Data: 2005-06-02 09:07:01
Temat: Re: moje małżeństwo to jakaś paranoja!
Od: Habeck Colibretto <h...@N...gazeta.pl>
Pokaż wszystkie nagłówki
Dnia 01.06.2005, o godzinie 14.48.08, na pl.soc.rodzina, Margola
napisał(a):
>> Basiu, widać, że bronisz swojego stylu życia - dlatego poglądy DD Ci nie
>> odpowiadają. :) Bez pretensji to mówię. Nie twierdzę, że Twoje, czy jego
>> życie jest lepsze. Jednak coraz więcej jest właśnie takiego katolicyzmu w
>> stylu Margoli - czy jest lepszy, czy gorszy - w życiu nie będę w stanie
>> osądzić. Ale faktem jest, że coraz więcej dzisiejszych katolików jest po
>> prostu wybiórczymi katolikami - biorą z katolicyzmu to, co im pasuje do
>> ich
>> stylu życia. Bo tak łatwiej.
> Przykłady? Co mianowicie biorę, co mi pasuje do stylu życia? A co odrzucam,
> bo nie pasuje?
No nie pisałem o Tobie z tym "ale faktem jest...". :)

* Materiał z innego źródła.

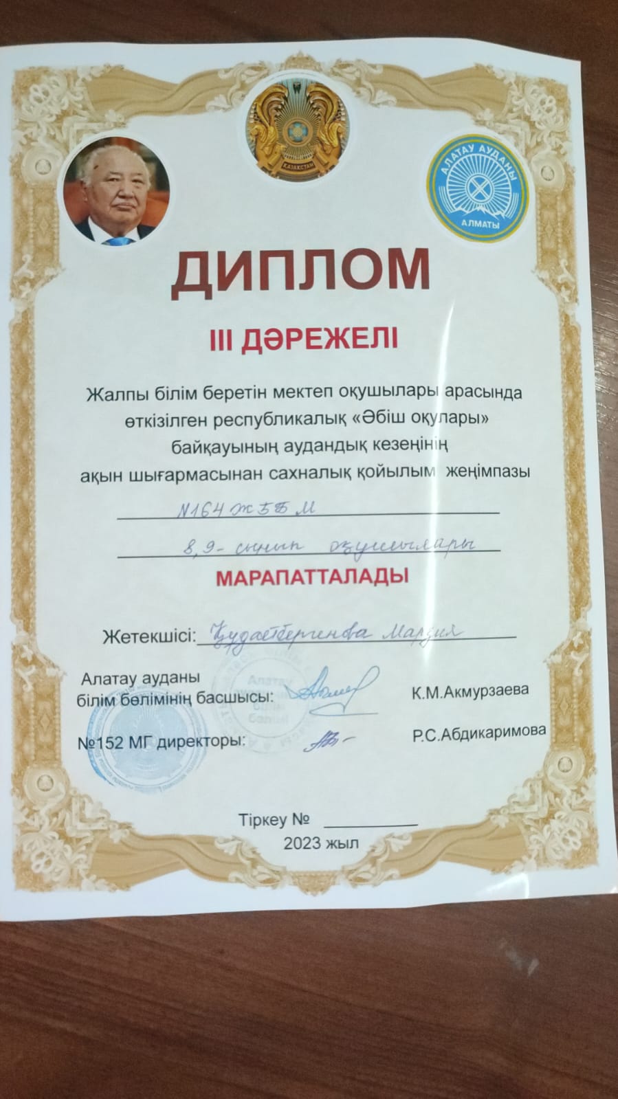 №164 Жалпы білім беретін мектеп » Ақпарат » Республикалық "Әбіш оқулары" байқауының аудандық кезеңіне ақын шығармасынан сахналық қойылым номинациясы бойынша мектебіміздің 8-9 сынып оқушылары жүлделі ІІІ орынға ие болды. Жетекшісі қазақ тілі мен әдебиеті пәні мұғалімі М.Құдайбергенова

Kilka Twoich postów zasugerowało jednak, że jednak nie zgadzasz się w pełni
z KRK (domyślam się, że nie chodzi o fakty w typie olali gwałcących księży,
ale raczej rzeczy podstawowe jak kościelne prawa), a za niezgodą idzie
łamanie pewnych reguł. Margola - żeby była jasność - ja Ci nic nie wytykam,
bo sam święty nie jestem. A żeby nie było nieporozumień to moja
"nieświętość" nie jest powodem niewytykania. ;)

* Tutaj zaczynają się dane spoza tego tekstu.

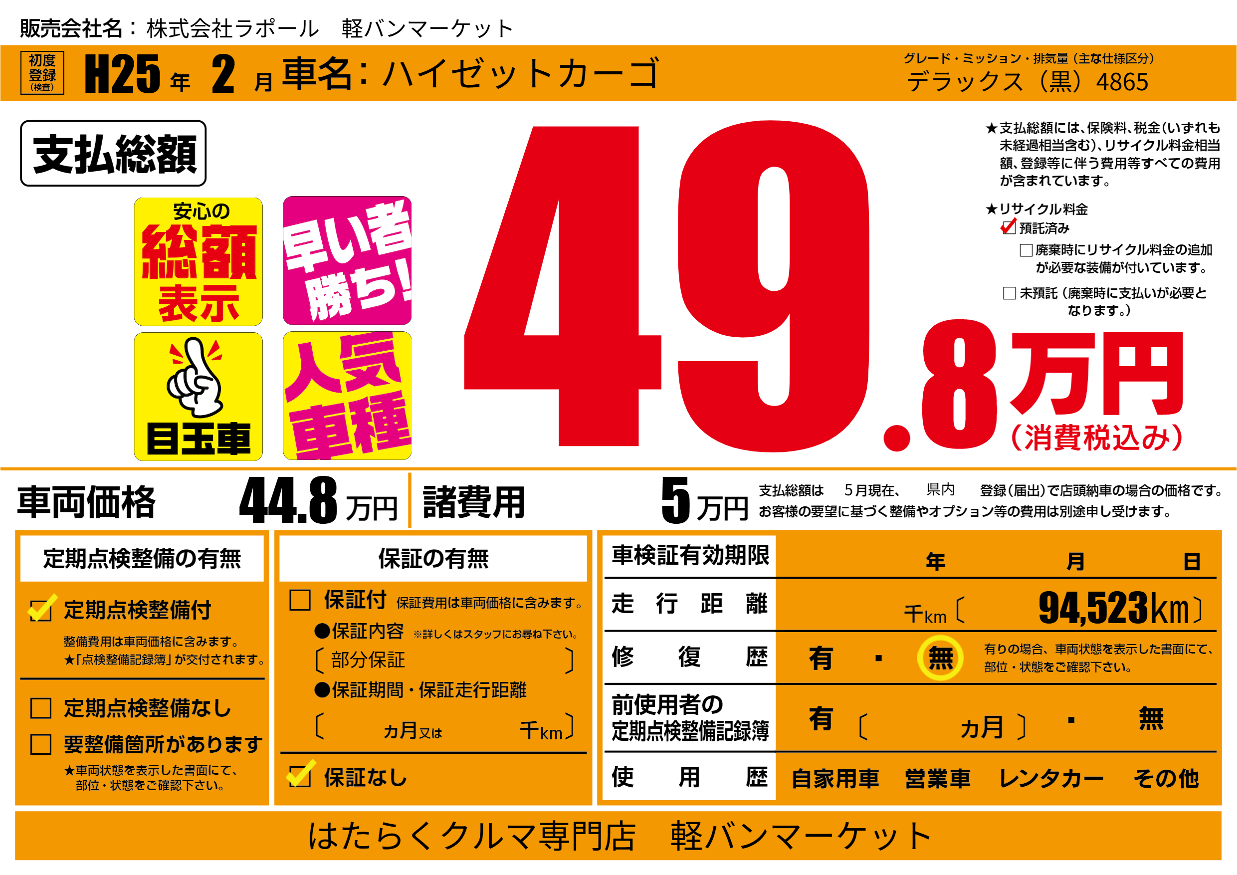 | 車名 | ハイゼットカーゴ | グレード ミッション 排気量 |

> POsty wskaż, albo wyjaśnij swoje rozumienie mojej wiary, bo
> mnie trochę ten, no, zirytowałeś.
No to ten, tego przepraszam. :)) Przypadkowo to "ale faktem..." trafiło do
akapitu, w którym pisałem o Tobie.
Poza tym piszesz, że DD jest przedstawicielem "polskiego katolicyzmu". Ja
bardziej w tej roli widzę osoby mniej fanatyczne - takie, o których pisałem
powyżej. Może bym to nazwał raczej "dzisiejszym polskim katolicyzmem" -
wierzę w Boga, KRK jest... bo jest, ale się nie zgadzam, żyję nie w
symbiozie, ale biorę co potrzebuję i... idę głosować na SLD. ;))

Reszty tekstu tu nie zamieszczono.